If you were on vacation,
similar to me, during the end of December you might have missed Twitter's big announcement. The company acquired Mixer
Labs, the creator of GeoAPI, which provides developers with the ability to query data. That data can come from about 16 million businesses and thousands of points of interest. The technology also
offers developers a layer on which to handle complex geographical queries and location-based services.
GeoAPI will integrate directly into the Twitter API, which plays into Twitter's
plans, reported in mid-2009, to integrate geo-based location into its service. If you passed over the news, think again. It could shake up the Yellow Page industry, according to Andrew Shothand, owner
of Local SEO Guide, a SEO in Pleasanton, Calif. who focuses on local search. It's a big deal because most business data from online listings come from limited resources, he says.
This
acquisition creates an "open Yellow Pages," he tells me, explaining it lets startups create an application that gives them instant access to business data. The distributed nature of Twitter
starts to apply to the structured world of online Yellow Pages. We agree it provides an interesting tool for companies that want to set up a mobile, location-based app, too.
Shotland tells
me the integration will create a dramatic shift in the way people search for local information. Twitter could become the clearinghouse for business data simply by having the ability to process, update
and distribute the information in a way that anyone can use it. If that happens, you suddenly have an explosion of relevant, local information that any business can take and integrate on a Web site.
And if that data matches up with tweets, it makes it all the better.
This type of toolset could even threaten the existence of traditional online Yellow Pages, Shotland suggests.
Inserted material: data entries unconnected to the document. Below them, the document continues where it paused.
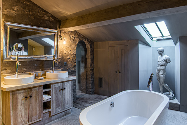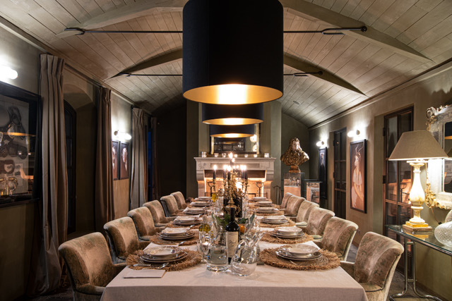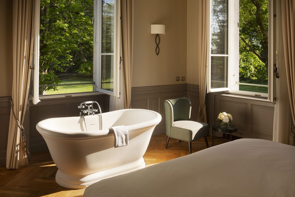 The estate itself is a sensory experience: lavender and honeysuckle scent the air, while manicured gardens, rose-lined paths, and ancient trees create a timeless Provençal tableau. Days unfold slowly here—perhaps with a soak in a clawfoot tub overlooking the grounds, or a leisurely stroll through the property’s expansive parkland.
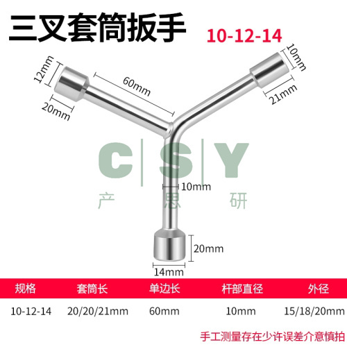 "三叉套筒扳手加长Y型多功能三角手动工具套装套管套桶摩托车扳手-【短三叉】10-12-14"商品可能已被商家删除,您可查看其他相似商品!
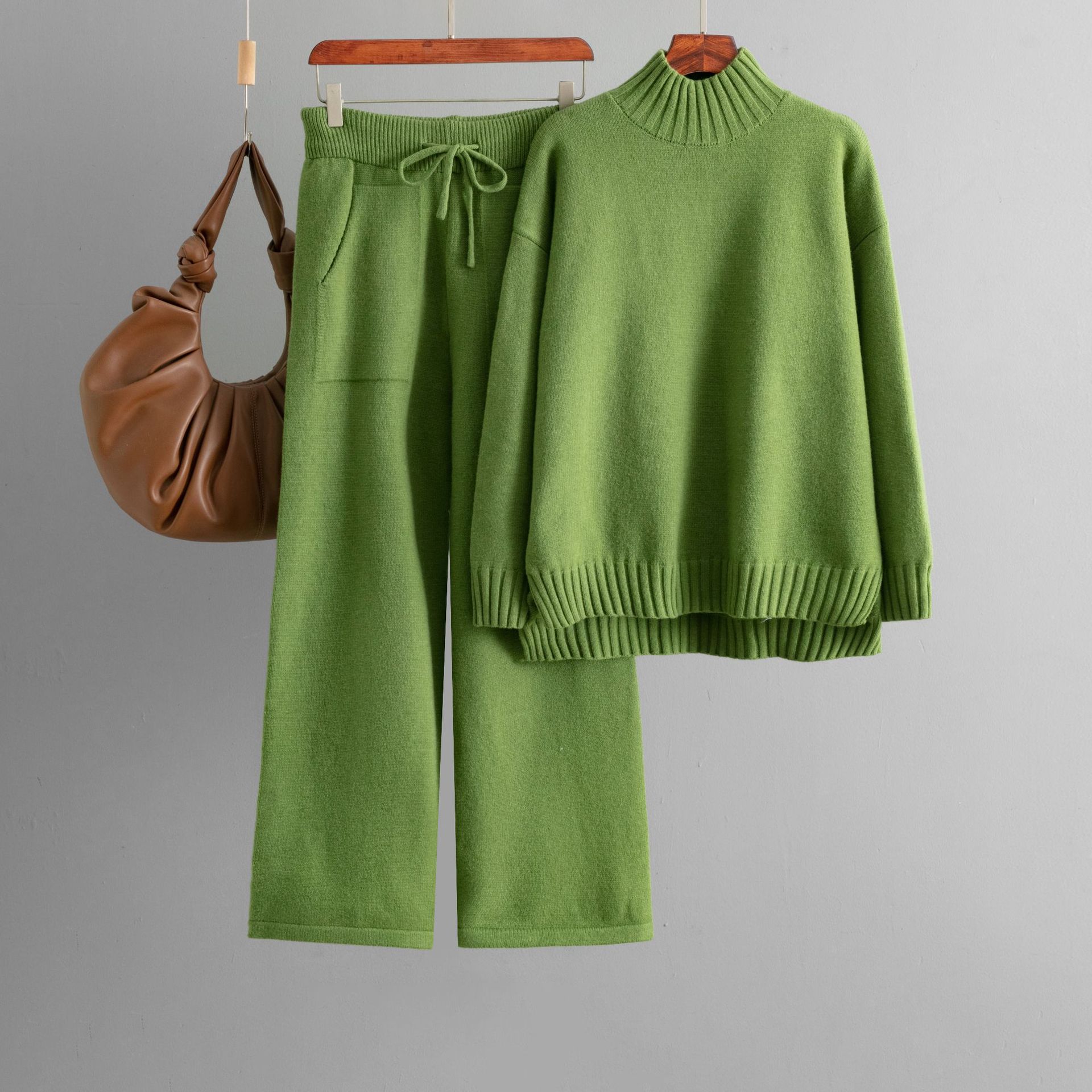 Главная страница > Женский зимний трикотажный костюм 2025 года, утолщённый свободный свитер с полугольфом и длинными рукавами, модный двухкомпонентный комплект для женщин (внешняя торговля)
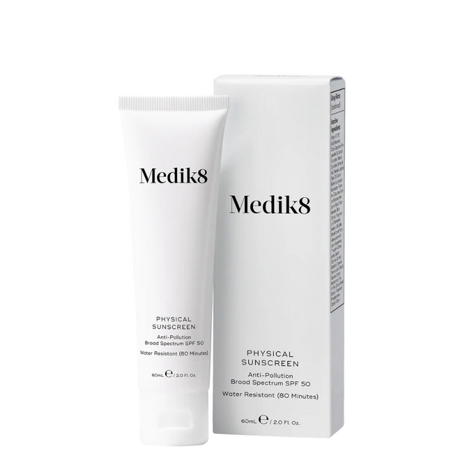 Medik8 Physical Sunscreen SPF 50 is a nourishing, non-nano physical sunscreen that provides ultra-high protection against UVA and UVB rays while supporting the skin barrier.
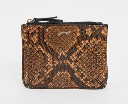 Le modèle à imprimé animalier est très apprécié parmi les produits de la marque.Malgré le prix élevé - 3990 roubles, il est souvent acheté dans les magasins en ligne. La face avant comporte le logo de la marque. Le cuir de veau est teint dans les tons du bois naturel. Il se ferme à l'aide d'une fermeture éclair, ce qui assure la sécurité du contenu : argent métallique et cartes de crédit.
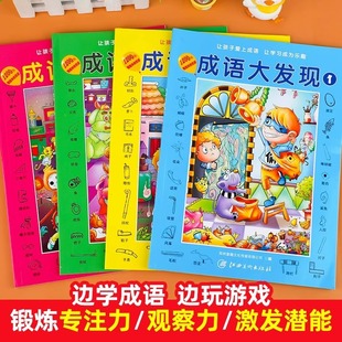 8岁找不同专注力训练益智游戏书籍幼儿视觉大挑战 书本儿童3 成语大发现全套4册图画捉迷藏大本找东西图画书幼儿园高难度隐藏
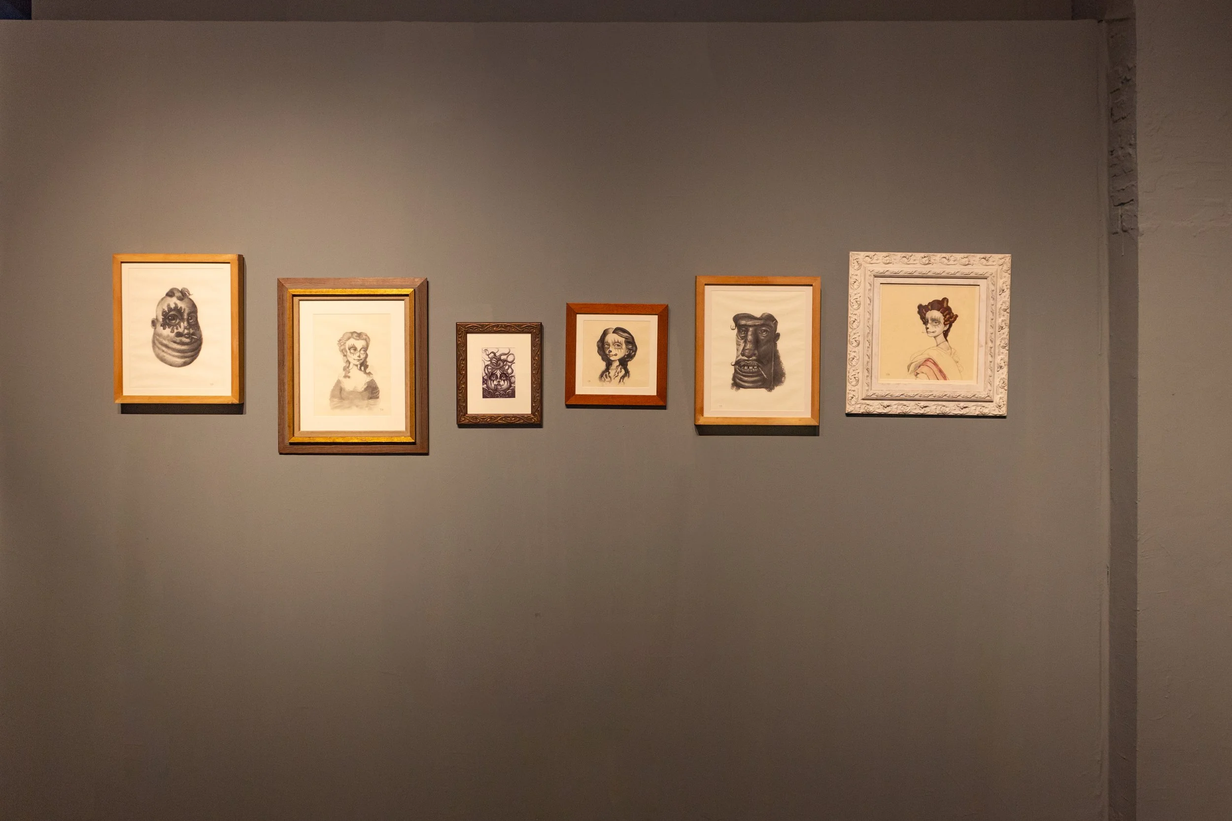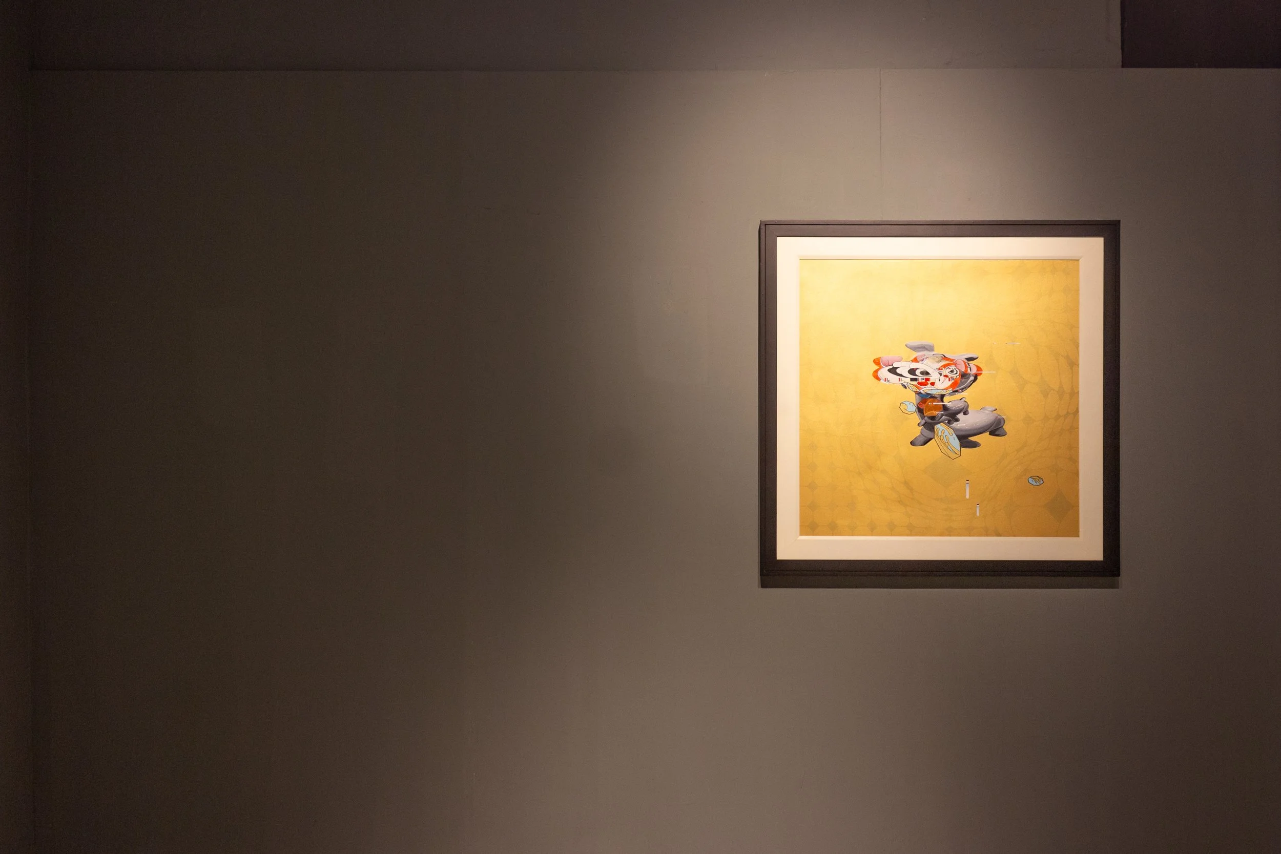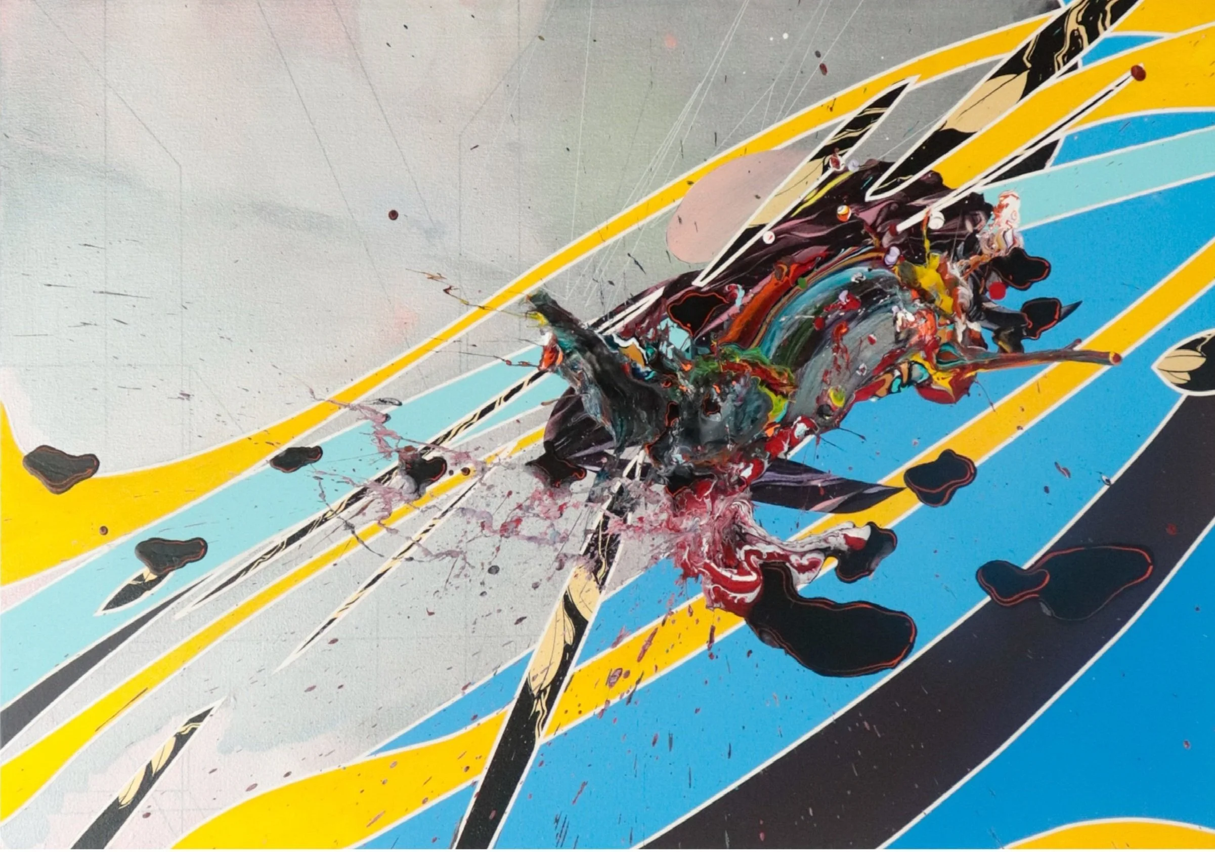 Chun and Lorenzana’s joint works, CCxLL, riff on one another’s exploratory painting strategies. Chun uses his characteristic masking method to create Baconian demarcations of space, with bold angular bands adding depth against dark backgrounds. The bold angular bands imbue a sense of depth against the black backgrounds. Subtly rendered lines evoke landscapes, endowing a meta-like quality to the composition and engaging with the legacy and reinterpretation of tradition. Lorenzana’s signature heads, scaled down and scattered throughout the composition, rework the painterly surface in an almost disorienting manner. The visages’ undulating pattern, rendered in vivid colours, juxtapose the composition’s otherwise dark aura. In these co-authored works, Chun and Lorenzana push the boundaries of painting as a medium, creating pieces that are simultaneously elegant, intricate, and rich in meaning.
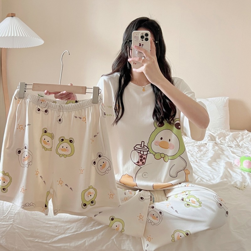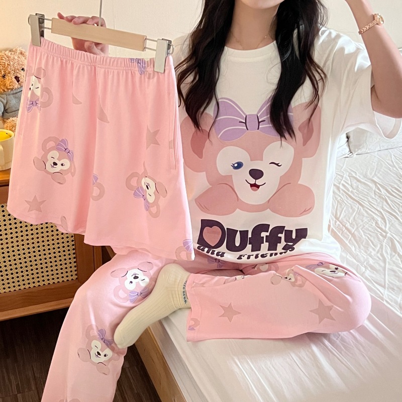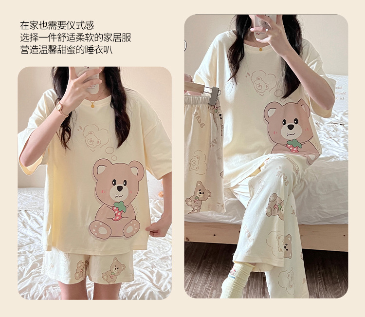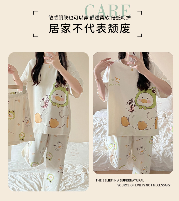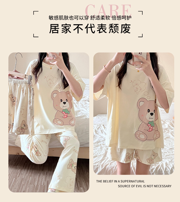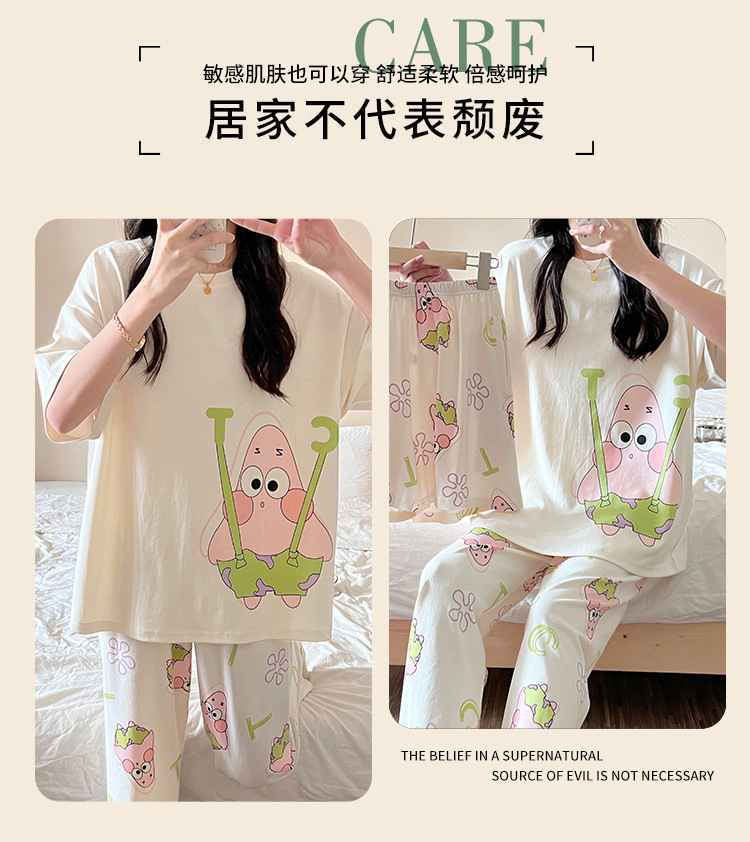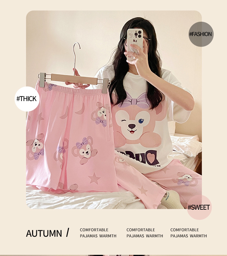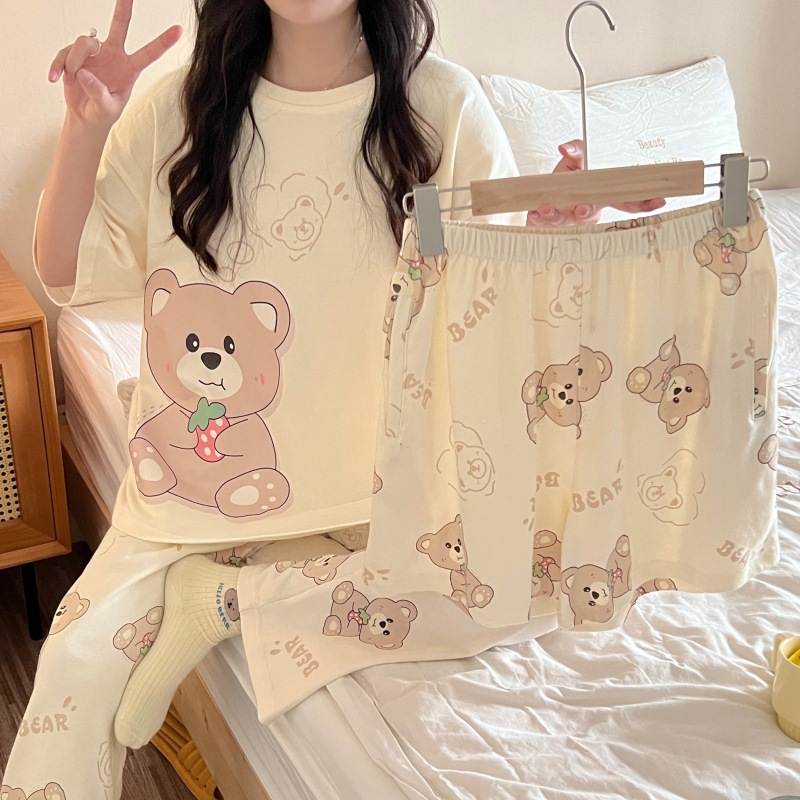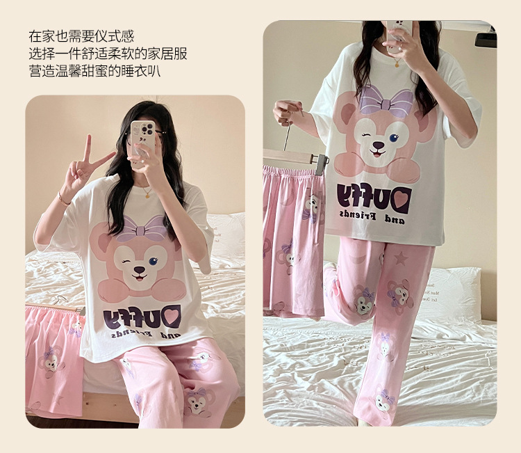 Пижама, женский летний костюм-тройка, тонкие брюки с короткими рукавами, верхняя одежда, повседневная Милая женская домашняя одежда с героями мультфильмов
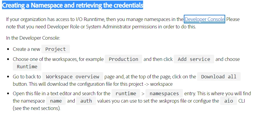 I'm working on POC where I need to access Adobe I/O runtime. I'm following below link to setup my environment

Normally,
a business must license the data, unless it's available free online. The companies that support business information might argue they monitor and verify the data to make sure it's accurate.
If Twitter became the source of "truth" for business records, it would become "hugely disruptive to the local search industry," Shotland says. The emergence of an open
source yellow pages for local business is one of the 11 predictions on his blog for 2010.